Preferably, the module M4 includes:

module M4.1: the adopted feature extraction network backbone comes from the first 3 blocks of ResNet50, and is initialized by pre-training parameters on ImageNet, an input image is input into the feature extraction network, a feature graph with the output size of 512x128x128 of the second block and a feature graph with the output size of 1024x128x128 of the third block are spliced, and the size of the feature graph obtained after splicing is 1536x512x 512;

module M4.2: and performing characteristic fusion on the spliced characteristic diagram through a cavity convolution layer with the cavity rate of 2 to obtain the final output characteristic diagram with the size of 256x64x 64.
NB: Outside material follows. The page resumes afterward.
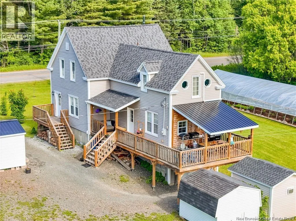 Route 148, Civic #1322 Turn-key Organic Family Farm on 4.9 acres, just 15 minutes from Fredericton! This beautifully renovated 3-bedroom, 2-bath, 1.5-storey home blends timeless character with modern comfort. Fully updated in 2015, improvements include a new foundation elevated over 9 feet, new siding, windows, roof shingles, and flooring. Inside, enjoy vaulted ceilings, hardwood floors, a classic clawfoot tub, stylish barn doors, epoxy countertops, and a WETT-certified woodstove. Four ductless heat pumps provide efficient year-round comfort. The upper level offers a spacious primary bedroom with ensuite, two additional bedrooms, and a cozy sitting area. Outside, the property is well equipped for both lifestyle and income potential, featuring three operational greenhouses with irrigation, three outbuildings (storage shed, walk-in cooler, and insulated/heated nursery), a detached 2-car garage, and a 3-season park model trailer. Updated environmental septic system and well. Ideal as a family homestead, farm-to-table operation, eco-tourism retreat, or Airbnb opportunity. A rare offering with space, privacy, and endless potential, just minutes from the city. (id:27476)

Preferably, the module M5 includes:

module M5.1: the segmentation labeling graph of the support set is reduced to the size of the feature graph obtained in the module M4.2, and the row dimension and the column dimension of the feature graph are divided into 8 parts and are overlapped with each other;

module M5.2: to support set feature graph

By its corresponding segmentation label for each local feature area g

Module M5.3: obtaining the characteristic vector representing the background of the region by the same method

Preferably, the module M6 includes:

module M6.1: calculating a feature vector F of each position of a feature map to be segmented_q(x, y) prototype vector corresponding to local region of support set

Cosine similarity of

Obtaining a similarity matrix;

module M6.2: activating the obtained similarity matrix by using a softmax function to obtain a probability map of the predicted label

Module M6.3: probability map P for predictive labels_qAnd true value labeling M of the set to be segmented_qCalculating the cross entropy loss L_ce(P_q,M_q) Performing end-to-end training by adopting a back propagation algorithm, continuously improving each layer of parameters of a learning feature extraction network by using an SGD optimization algorithm in the training process, and dynamically adjusting the learning rate by adopting a learning rate attenuation strategy;

module M6.4: obtaining a predicted segmentation label of a to-be-segmented set from a predicted probability map

Preferably, the module M7 includes:

module M7.1: giving the class of the organ to be segmented, and determining the starting and stopping range of the type of the organ in the support set and the set to be segmented;

module M7.2: respectively and uniformly grouping the organs in the support set range and the organs in the to-be-segmented set range;

module M7.3: uniformly selecting a preset number of 2D CT slices from each group in the support set to form a new support set, and applying the new support set to all CT slices in corresponding equal parts of the set to be segmented by using an algorithm shown in a module M4-6;

module M7.4: and splicing all the 2D CT slices after the segmentation to obtain the whole 3D segmentation result to be segmented.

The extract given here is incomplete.